### Task details
Output the full listing below exactly; the images stay out.

### Raw data
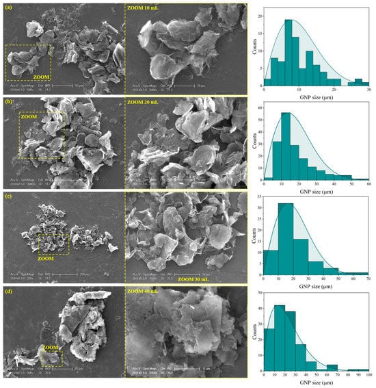 Figure 3 shows SEM images of the GNP batches. Here, a reduction in the GNP dimensions occurs as the batch volume decreases since the sonication is more effective, and more damage is induced on the nano reinforcements. It is possible to measure the lateral size of the nanoparticles due to their geometry, and a Weibull distribution is found when analyzing the measurements taken []. A decrease in the lateral size of the GNP as the batch volume decreases is observed, going from a mean value of 7 µm for the 10 mL condition to a mean value of 15 µm for the 40 mL condition. This has been previously reported by other researchers with sonication time instead of volume of the batch, but similar results can be found where more severe sonication can lead to the fracture or exfoliation of the GNPs [,,,].
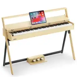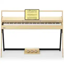 - Anschlüsse: Line in, Line Out, USB, Kopfhörer, Sustainpedal, 3er-Pedalgruppe
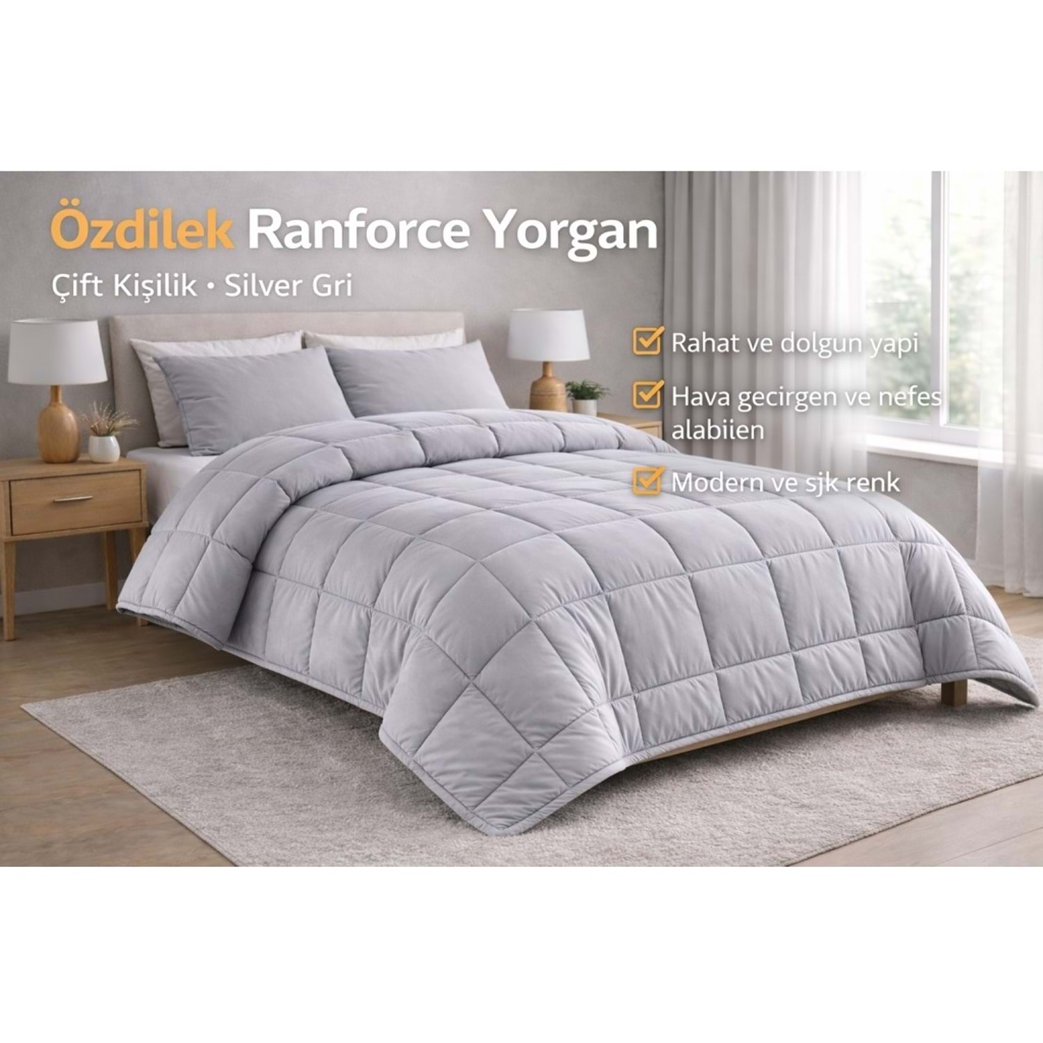 Özdilek Ranforce Pamuk Kumaş Çift Kişilik Silikon Yorgan-Silver Gri
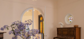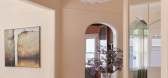 ...fireplace as a focal point. A wooden coffee table offers a gathering spot, while wall art and vibrant plants, along with open shelving, enhance the space.The kitchen boasts soft neutral tone and classic cabinetry with glass-front sections for ample storage. Large windows bring in natural light, addi...

### Output
 Figure 3 shows SEM images of the GNP batches. Here, a reduction in the GNP dimensions occurs as the batch volume decreases since the sonication is more effective, and more damage is induced on the nano reinforcements. It is possible to measure the lateral size of the nanoparticles due to their geometry, and a Weibull distribution is found when analyzing the measurements taken []. A decrease in the lateral size of the GNP as the batch volume decreases is observed, going from a mean value of 7 µm for the 10 mL condition to a mean value of 15 µm for the 40 mL condition. This has been previously reported by other researchers with sonication time instead of volume of the batch, but similar results can be found where more severe sonication can lead to the fracture or exfoliation of the GNPs [,,,].
 - Anschlüsse: Line in, Line Out, USB, Kopfhörer, Sustainpedal, 3er-Pedalgruppe
 Özdilek Ranforce Pamuk Kumaş Çift Kişilik Silikon Yorgan-Silver Gri
 ...fireplace as a focal point. A wooden coffee table offers a gathering spot, while wall art and vibrant plants, along with open shelving, enhance the space.The kitchen boasts soft neutral tone and classic cabinetry with glass-front sections for ample storage. Large windows bring in natural light, addi...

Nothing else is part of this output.